Work instructions: Every line from the one containing "Este innovador S2000" to the one containing "İNGİLİZ. E.PONG.S. HENRY" in the records below, both included, must be set down exactly, and no other line.

Given records:
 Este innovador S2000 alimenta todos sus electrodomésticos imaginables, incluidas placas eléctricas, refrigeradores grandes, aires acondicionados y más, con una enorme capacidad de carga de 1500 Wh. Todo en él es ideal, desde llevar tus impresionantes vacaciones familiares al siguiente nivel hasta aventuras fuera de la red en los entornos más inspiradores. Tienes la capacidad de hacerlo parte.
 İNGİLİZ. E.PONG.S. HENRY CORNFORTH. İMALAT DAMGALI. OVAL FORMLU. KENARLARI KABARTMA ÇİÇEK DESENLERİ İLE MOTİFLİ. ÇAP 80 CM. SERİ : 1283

---

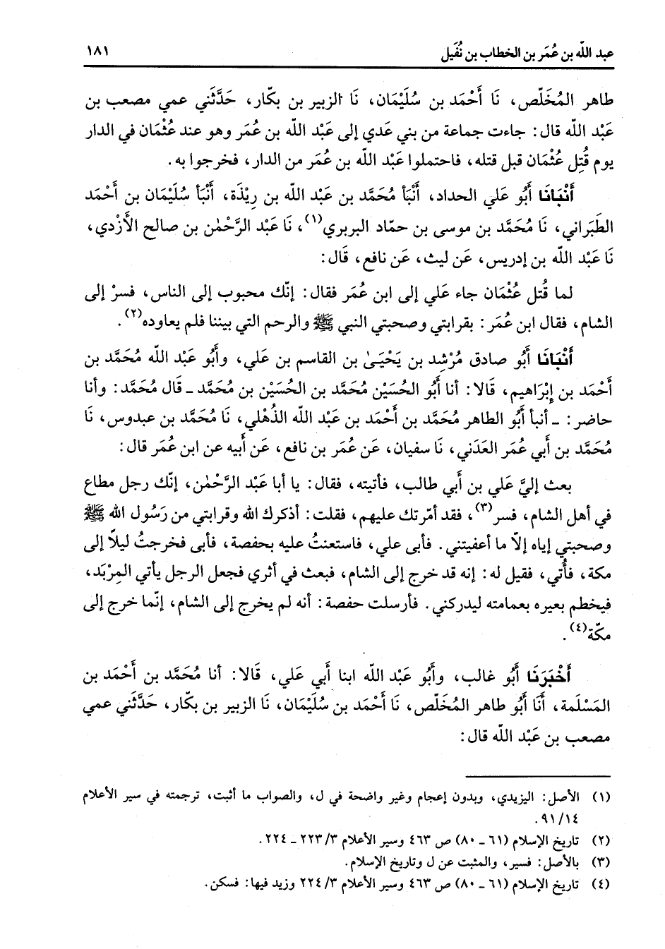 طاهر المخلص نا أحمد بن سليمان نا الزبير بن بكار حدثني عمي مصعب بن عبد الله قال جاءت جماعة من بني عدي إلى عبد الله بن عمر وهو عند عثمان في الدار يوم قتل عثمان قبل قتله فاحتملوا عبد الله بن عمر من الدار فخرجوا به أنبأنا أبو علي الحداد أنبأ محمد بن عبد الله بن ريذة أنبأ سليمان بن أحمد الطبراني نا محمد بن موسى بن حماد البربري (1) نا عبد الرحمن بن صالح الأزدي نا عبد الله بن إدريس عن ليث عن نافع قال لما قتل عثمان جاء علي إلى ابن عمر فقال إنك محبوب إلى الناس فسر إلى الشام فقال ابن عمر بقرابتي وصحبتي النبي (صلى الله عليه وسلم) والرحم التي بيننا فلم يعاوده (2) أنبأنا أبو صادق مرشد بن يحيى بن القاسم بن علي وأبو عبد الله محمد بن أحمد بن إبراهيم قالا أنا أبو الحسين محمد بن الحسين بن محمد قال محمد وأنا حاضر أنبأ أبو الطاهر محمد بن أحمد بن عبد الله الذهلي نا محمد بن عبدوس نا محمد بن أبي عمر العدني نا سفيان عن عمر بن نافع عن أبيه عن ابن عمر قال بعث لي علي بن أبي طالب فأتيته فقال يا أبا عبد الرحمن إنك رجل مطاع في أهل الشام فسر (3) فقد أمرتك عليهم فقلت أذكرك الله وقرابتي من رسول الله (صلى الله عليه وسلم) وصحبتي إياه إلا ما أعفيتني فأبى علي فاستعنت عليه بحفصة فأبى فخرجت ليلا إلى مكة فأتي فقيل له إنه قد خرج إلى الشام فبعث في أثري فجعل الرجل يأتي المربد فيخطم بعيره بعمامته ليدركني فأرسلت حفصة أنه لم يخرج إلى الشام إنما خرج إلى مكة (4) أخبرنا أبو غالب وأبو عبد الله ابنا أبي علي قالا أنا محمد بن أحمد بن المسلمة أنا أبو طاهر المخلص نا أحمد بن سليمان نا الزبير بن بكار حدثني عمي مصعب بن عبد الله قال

Your response:
 Este innovador S2000 alimenta todos sus electrodomésticos imaginables, incluidas placas eléctricas, refrigeradores grandes, aires acondicionados y más, con una enorme capacidad de carga de 1500 Wh. Todo en él es ideal, desde llevar tus impresionantes vacaciones familiares al siguiente nivel hasta aventuras fuera de la red en los entornos más inspiradores. Tienes la capacidad de hacerlo parte.
 İNGİLİZ. E.PONG.S. HENRY CORNFORTH. İMALAT DAMGALI. OVAL FORMLU. KENARLARI KABARTMA ÇİÇEK DESENLERİ İLE MOTİFLİ. ÇAP 80 CM. SERİ : 1283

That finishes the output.